The transfer thing is to keep the plants happy. They do deplete the resources in the agar with time so you need to transfer for that reason alone. And some plants just divide like gang busters even in basic growth media (N. rajah is notorious for this, which is why Rob has 20,000 of them...) so you need to just divide and divide and divide.

Pyro, I'm sure it could have been a zillion different thing, and without actually examining the culture in person, or visual photos at the least I'm sure it'd be very difficult to find out what happened to it. I think that if anything you've given me some more insight to some of the 'other' reasons cultures go bad, and it seems worth a shot at least to post failed cultures for the experts out there that might be able to give me a better idea of why it crashed.

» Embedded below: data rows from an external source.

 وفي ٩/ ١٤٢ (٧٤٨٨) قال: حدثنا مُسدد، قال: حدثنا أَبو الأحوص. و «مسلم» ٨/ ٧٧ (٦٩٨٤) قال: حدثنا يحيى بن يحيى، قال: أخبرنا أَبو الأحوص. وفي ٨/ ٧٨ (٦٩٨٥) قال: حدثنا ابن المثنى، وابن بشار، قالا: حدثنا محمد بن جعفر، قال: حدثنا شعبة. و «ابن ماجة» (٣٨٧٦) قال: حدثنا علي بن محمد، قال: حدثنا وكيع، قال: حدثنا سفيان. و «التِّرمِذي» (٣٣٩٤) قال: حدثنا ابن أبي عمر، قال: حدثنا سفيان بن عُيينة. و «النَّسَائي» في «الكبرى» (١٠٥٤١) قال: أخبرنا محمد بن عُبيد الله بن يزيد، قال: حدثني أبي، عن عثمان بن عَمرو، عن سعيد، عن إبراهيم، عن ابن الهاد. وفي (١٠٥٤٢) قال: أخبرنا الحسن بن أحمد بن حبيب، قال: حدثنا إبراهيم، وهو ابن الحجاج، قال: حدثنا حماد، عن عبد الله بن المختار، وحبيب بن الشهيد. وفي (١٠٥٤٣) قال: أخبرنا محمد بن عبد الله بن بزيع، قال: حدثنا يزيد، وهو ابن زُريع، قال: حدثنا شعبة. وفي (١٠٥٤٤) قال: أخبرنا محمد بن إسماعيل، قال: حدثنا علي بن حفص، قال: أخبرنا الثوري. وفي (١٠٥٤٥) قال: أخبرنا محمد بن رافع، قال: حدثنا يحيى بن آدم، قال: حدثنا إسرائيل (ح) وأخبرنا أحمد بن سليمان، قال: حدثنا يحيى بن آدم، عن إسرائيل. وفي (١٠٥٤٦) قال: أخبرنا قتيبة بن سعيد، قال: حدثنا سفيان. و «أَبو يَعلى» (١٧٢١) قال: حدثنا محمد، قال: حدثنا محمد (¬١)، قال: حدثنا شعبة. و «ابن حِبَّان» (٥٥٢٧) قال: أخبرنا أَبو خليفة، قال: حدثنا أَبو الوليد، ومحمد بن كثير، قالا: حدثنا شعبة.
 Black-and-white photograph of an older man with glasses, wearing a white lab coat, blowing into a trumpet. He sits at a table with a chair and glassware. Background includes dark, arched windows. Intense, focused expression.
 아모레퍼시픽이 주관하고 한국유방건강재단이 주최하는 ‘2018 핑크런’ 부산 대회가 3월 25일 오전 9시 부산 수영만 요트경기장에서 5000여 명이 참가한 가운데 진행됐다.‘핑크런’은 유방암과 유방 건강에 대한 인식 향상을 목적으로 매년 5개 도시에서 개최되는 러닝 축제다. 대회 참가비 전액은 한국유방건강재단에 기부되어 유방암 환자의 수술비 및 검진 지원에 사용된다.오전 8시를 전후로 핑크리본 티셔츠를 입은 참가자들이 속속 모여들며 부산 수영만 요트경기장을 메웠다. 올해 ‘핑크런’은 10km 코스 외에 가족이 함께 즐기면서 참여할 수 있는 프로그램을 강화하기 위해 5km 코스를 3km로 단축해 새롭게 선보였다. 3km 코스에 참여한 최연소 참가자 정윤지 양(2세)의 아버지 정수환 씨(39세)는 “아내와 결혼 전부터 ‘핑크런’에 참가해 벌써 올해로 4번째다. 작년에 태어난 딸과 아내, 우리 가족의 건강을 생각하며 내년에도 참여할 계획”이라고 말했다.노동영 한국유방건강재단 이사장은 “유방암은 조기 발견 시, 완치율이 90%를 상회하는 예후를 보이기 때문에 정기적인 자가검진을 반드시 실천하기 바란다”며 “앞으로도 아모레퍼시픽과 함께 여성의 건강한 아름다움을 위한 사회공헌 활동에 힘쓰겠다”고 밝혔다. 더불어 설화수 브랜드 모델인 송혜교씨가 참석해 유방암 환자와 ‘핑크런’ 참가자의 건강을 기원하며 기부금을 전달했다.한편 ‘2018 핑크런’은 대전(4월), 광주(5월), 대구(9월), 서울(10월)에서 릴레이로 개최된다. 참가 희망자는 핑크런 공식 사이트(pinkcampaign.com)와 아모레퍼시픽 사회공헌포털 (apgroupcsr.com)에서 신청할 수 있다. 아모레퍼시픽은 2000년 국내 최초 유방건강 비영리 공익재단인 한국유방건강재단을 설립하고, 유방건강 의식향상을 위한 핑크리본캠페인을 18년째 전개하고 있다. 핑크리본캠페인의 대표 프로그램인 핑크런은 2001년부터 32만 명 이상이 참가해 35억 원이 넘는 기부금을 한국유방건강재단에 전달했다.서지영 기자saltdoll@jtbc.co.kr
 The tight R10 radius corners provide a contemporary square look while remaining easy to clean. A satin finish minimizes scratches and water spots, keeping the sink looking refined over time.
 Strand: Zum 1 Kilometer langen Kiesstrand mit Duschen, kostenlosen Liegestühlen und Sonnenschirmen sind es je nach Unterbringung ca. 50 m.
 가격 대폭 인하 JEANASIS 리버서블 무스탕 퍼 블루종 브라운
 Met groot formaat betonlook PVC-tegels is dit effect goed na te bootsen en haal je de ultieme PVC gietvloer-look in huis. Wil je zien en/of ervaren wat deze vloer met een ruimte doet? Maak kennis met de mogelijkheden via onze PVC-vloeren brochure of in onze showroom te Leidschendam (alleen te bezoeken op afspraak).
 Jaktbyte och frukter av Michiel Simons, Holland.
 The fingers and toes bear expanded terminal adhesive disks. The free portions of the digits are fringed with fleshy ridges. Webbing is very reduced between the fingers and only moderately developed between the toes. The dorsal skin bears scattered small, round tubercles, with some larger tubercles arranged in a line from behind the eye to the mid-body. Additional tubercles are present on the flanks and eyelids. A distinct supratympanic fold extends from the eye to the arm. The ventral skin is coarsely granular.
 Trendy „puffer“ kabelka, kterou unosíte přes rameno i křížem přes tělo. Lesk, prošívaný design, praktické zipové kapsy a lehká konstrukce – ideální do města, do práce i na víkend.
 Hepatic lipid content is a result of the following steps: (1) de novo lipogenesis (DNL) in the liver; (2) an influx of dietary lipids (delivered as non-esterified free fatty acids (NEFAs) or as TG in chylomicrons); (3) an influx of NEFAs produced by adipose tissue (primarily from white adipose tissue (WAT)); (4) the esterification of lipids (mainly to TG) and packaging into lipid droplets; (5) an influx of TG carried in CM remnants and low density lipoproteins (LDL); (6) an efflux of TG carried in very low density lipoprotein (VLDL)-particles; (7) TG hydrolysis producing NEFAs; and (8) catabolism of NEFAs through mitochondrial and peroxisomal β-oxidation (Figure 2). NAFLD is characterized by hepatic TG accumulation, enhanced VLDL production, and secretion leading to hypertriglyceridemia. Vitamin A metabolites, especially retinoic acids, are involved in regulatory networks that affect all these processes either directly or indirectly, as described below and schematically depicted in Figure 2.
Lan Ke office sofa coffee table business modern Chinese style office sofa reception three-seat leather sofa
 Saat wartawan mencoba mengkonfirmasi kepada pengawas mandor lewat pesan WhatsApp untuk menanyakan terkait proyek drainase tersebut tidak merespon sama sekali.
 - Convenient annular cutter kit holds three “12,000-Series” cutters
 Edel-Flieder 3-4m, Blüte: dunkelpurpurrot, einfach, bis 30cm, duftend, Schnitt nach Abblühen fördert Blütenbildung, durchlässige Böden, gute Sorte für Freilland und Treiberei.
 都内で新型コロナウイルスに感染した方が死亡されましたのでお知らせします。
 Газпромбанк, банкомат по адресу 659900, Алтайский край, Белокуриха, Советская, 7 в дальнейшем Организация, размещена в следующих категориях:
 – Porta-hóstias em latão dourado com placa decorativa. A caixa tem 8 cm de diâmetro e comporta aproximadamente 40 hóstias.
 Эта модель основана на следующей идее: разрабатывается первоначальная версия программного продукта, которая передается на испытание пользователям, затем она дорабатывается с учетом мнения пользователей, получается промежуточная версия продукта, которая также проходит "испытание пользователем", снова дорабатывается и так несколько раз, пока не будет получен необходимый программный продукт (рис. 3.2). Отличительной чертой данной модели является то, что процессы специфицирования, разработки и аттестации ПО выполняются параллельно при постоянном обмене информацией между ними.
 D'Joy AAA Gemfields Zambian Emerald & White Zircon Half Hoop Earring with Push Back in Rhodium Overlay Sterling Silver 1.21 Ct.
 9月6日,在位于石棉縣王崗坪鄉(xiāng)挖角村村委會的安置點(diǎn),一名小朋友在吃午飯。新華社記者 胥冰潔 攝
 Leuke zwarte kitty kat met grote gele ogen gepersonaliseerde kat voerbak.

And yes I do get snickers when I talk about culturing capes, but it's not that I want to raise a genetic army of D. capensis for a lifetime of profit... I want to learn about the process, the procedures, and tools needed in order to do TC properly. Capes are cheap (free!), seeds seem to always be viable, and I won't be heart broken if they go bad. Before I want to begin laying waste to Nepenthes seed, I want to feel a lot more comfortable with experience. 8)

Nathan
 
  • #12
actually capensis seems like a good one to practice on to me.....if they dont germinate you KNOW its something you did, no second guessing weither it was the source material that was the actual problem........
 
  • #13
I'm gonna be starting my TCing with droseras too (not capes specifically) but mainly cos they sell the seed on ebay by the lb. But i want t\o do all kinds of things just figure dews are easier going.

Has anyone tried using a drosera leaf soaked in hydrogen perxiode then placed on agar to start droseras invitro that don't have seed available? I don't mind a big failure rate on such a procedure since it's only a hobby but if one piece stays clean and grows that one vial is all that's needed. I have started sundews on peat this way but not sure if it could be done clean enough to do invitro?
 
  • #14
Swords,

I'll double check with my buddy but I think you need something stronger than H2O2 for TC sterilization. IIRC he used a bleach solution but I can not recall the %. It worked for both Drosera leaves/tubers/gemmae and Ping leaves
 
  • #15
Okay, sorry it took so long, had a million other things on my plate

Here are some pics for you all

Toxin accumulation in agar
P2280001.jpg


Charcoal agar, note how there is separation
P2280002.jpg



And to give you an idea of how different tranfer times can be...

This flask was transfered into on 5/07
P2280003.jpg


And this one on 4/07
P2280004.jpg


So obviously different growth rates make for different frequency of transfer
 
  • #16
Neat stuff thanks for showing the pics!

I suggested Peroxide cos I've heard bleach was sometimes too strong for seeds and merstems.